Worked shape example (H=W=256, base=32)
Simplified one forward pass (batch size 1):
| Step | Tensor shape | Notes |
|---|---|---|
| Input | (1, 3, 256, 256) | RGB image |
| e1 | (1, 32, 256, 256) | saved for skip |
| e2 | (1, 64, 128, 128) | after pool |
| e3 | (1, 128, 64, 64) | saved |
| e4 | (1, 256, 32, 32) | saved |
| bottleneck | (1, 512, 16, 16) | smallest grid |
| up + concat e4 | (1, 512, 32, 32) | channels = 256+256 after concat |
| … continue up … | ||
| output logits | (1, 3, 256, 256) | 3 classes (pet / bg / border) |
Inference: pred = logits.argmax(dim=1) → (1, 256, 256) integer mask.
Output head
self.head = nn.Conv2d(base, num_classes, kernel_size=1)Each spatial location gets its own 3-vector of logits (for 3 classes). CrossEntropyLoss applies softmax across num_classes independently at each pixel.
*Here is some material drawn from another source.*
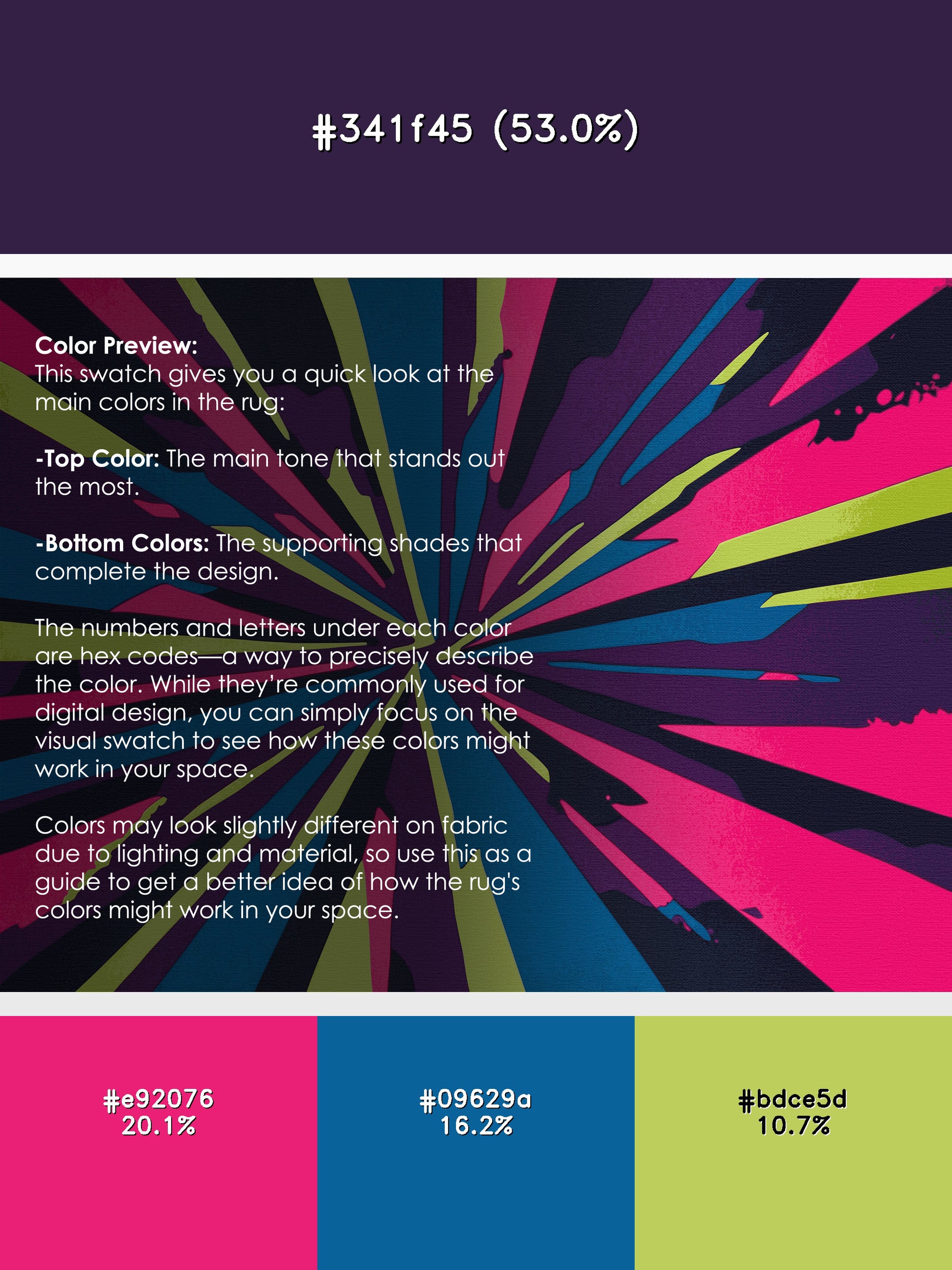 Neon Inferno from the Neon Nexus collection electrifies your space with its bold Purple Navy color (A dark purple with strong navy undertones, sophisticated and deep.), a striking tone in the Purple color family. Inspired by neon-lit cityscapes and cyberpunk design, this rug features sharp geometric patterns and dynamic lines illuminated by vibrant, electric hues. Finished with Navy serging a sleek edge that enhances its futuristic appeal this rug is crafted from premium polyester and machine-made in the USA with imported materials. Perfect for modern gaming rooms, creative studios, or contemporary living spaces, this design balances cutting-edge energy with adaptable elegance. Available in multiple sizes, the Neon Nexus collection transforms any room into a bold statement of innovation and style, channeling the vibrant glow of a cyberpunk universe.

U-Net vs classification CNN (ResNet-style)
| Piece | Classifier | U-Net |
|---|---|---|
| Deepest layers | Rich semantics | Same |
| Final pooling | Global average → one vector | None — keep grid |
| Spatial output | Lost | H×W preserved |
| Labels | One per image | One per pixel |
| Data needed | Often large | U-Net often works with smaller medical / niche sets |
Why U-Net for this course project
Oxford-IIIT Pet gives ~7k images with trimap masks — not ImageNet scale. U-Net is the standard teaching choice because:
- Implementation fits in ~80 lines of PyTorch.
- Trains on a single GPU in minutes to tens of minutes.
- Skip connections visibly improve borders in overlay plots.
- Same ideas transfer to portrait segmentation and medical imaging.
Modern variants — covered in the next lessons
U-Net is your implementation target in this module. Lesson 4 surveys FCN, DeepLab, PSPNet, SegFormer; Lesson 5 covers instance segmentation with Mask R-CNN. Read those before the quiz — they explain when to move past vanilla U-Net.
Checkpoint
- What tensors are stored for skip connections — before or after pooling?
- After
torch.cat([decoder, encoder], dim=1), what happens to channel count? - Why is a 1×1 conv a valid “per-pixel classifier”?
Answers: (1) Save encoder outputs before pooling at each level (the high-res version). (2) It doubles (sum of encoder and decoder channels). (3) It applies the same linear map across space — each (h,w) classified independently from its channel vector.